Phase time and transmission probability in the traversal of a PT-symmetric potential: the case of an electromagnetic waveguide

TL;DR

This paper investigates the transmission and timing properties of electromagnetic waves in a PT-symmetric waveguide with gain and loss media, revealing giant amplification, spectral singularities, and unusual delay times.

Contribution

It provides a detailed analysis of transmission probabilities, spectral singularities, and transit times in PT-symmetric waveguides, highlighting novel phenomena like giant amplification and negative delay times.

Findings

Giant amplification of signals at specific wavelengths.

Vanishing transit times in opaque barriers, akin to Hartman effect.

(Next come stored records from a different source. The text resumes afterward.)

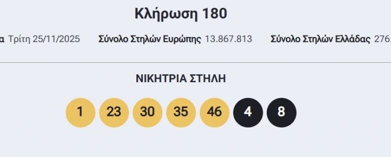 Eurojackpot: Αυτοί είναι οι τυχεροί αριθμοί της αποψινής (25/11) κλήρωσης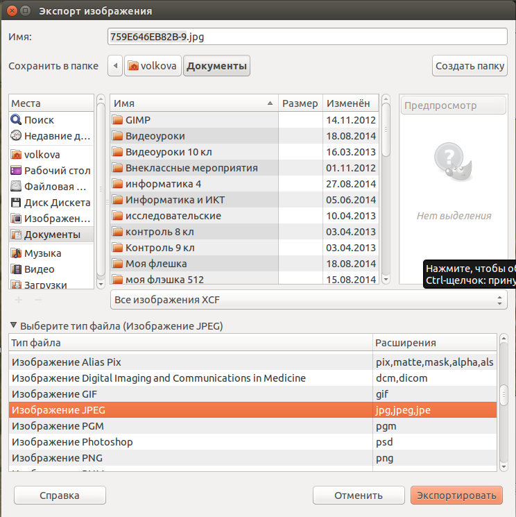 Сохраните файл под именем «Грибы» в папке «Работы» с расширением JPEG. Выполните команду: Файл/ Сохранить как (в версии Gimp 2.8 команда Файл/ Export As...). В появившемся окне выберите место сохранения (папку) и введите имя файла. Для выбора формата файла нужно нажать на ниспадающий список Выберите тип файла (по расширению) и выбрать JPEG. Затем нажмите кнопку Сохранить (Экспортировать).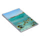 Caderno com um tubarão que persegue peixes da borboleta na água azul clara da lagoa da ilha do Pacífico tropical Bora Bora do arquipélago Polinésia francesa de Tahiti. Acima da água você pode ver bungalows do overwater.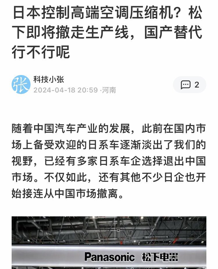 日本松下宣布撤走广州的压缩机生产基地!接下来又是大量失业,中国空调行业压缩机也要被卡脖子 https://t.co/iRLKEnpYKN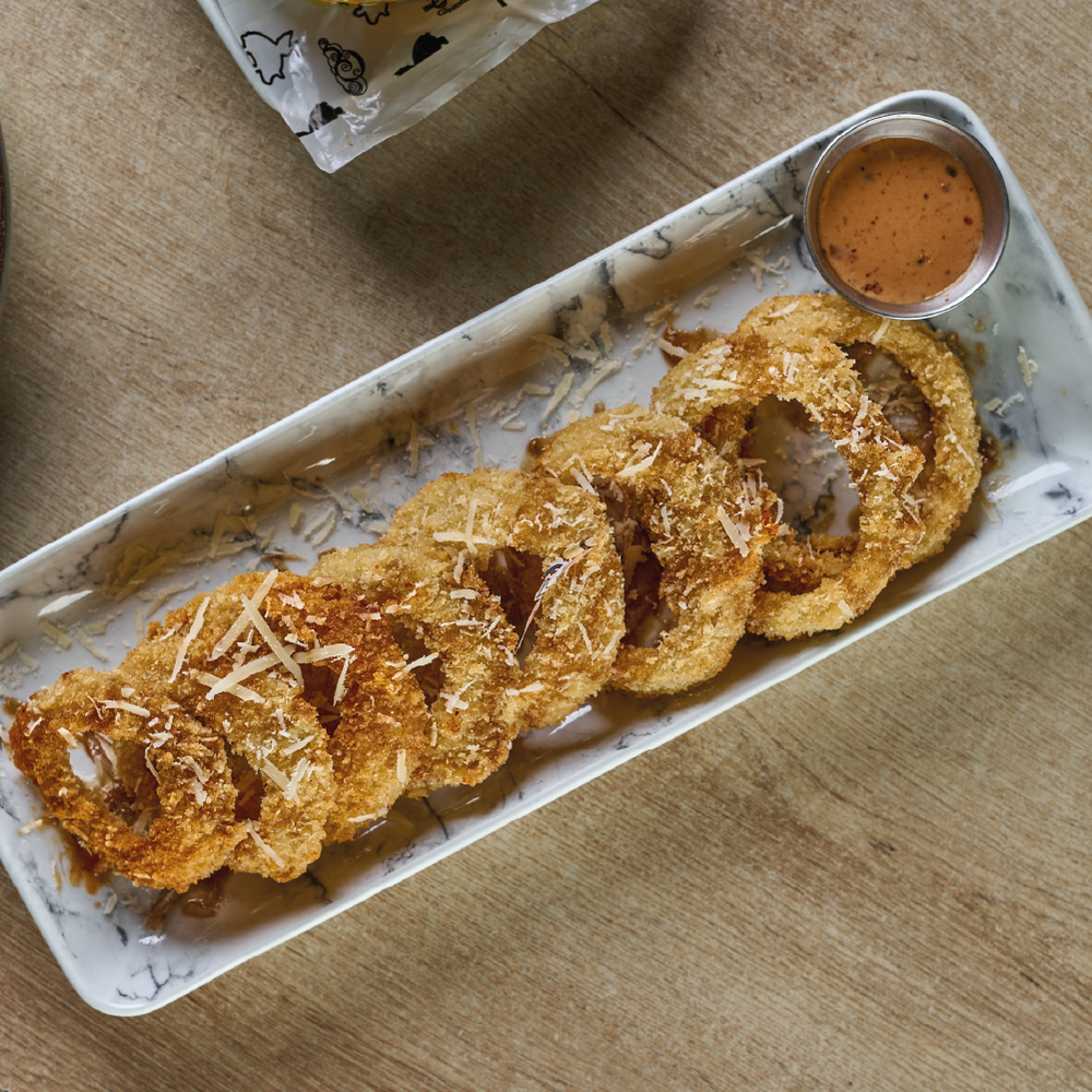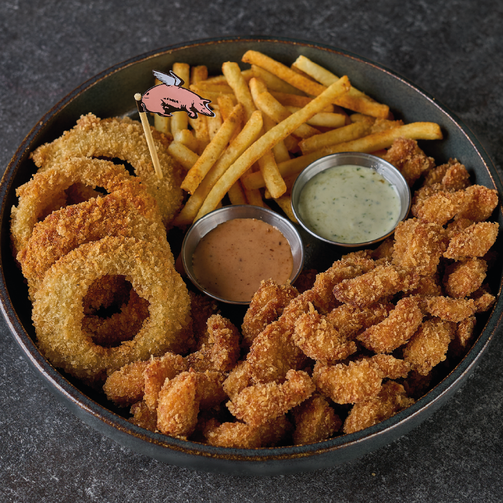 Deliciosa pechuga en forma de crispetas, nuestros crujientes aros de cebolla, papas a la francesa. Acompañado de alioli de ajo y salsa chipotle

Negative delay times indicating non-local effects.

Abstract

We study the unconventional transmission properties of a wave-packet through a PT-symmetric potential region, as describing actual electromagnetic wave propagation along a waveguide filled with gain and loss media. The non-trivial behavior of the transmission probability manifests in the giant amplification of the incident electromagnetic signal of given wavelengths for well-defined configurations, depending on the gain/loss contrast. Maximum transmission peaks are related to spectral singularities and a strict correlation exists between the "resonant" wavelengths and the gain/loss contrast. The transit times are as well calculated, showing their surprising vanishing in the opaque barrier limit, independently of the gain/loss contrast, which is reminiscent of some sort of Hartman effect. Also, non-local effects manifest in the presence of negative delay times for given configurations, while a correlation is apparent between maximum delay times and transmission probability peaks, though appreciably depending on the gain/loss contrast.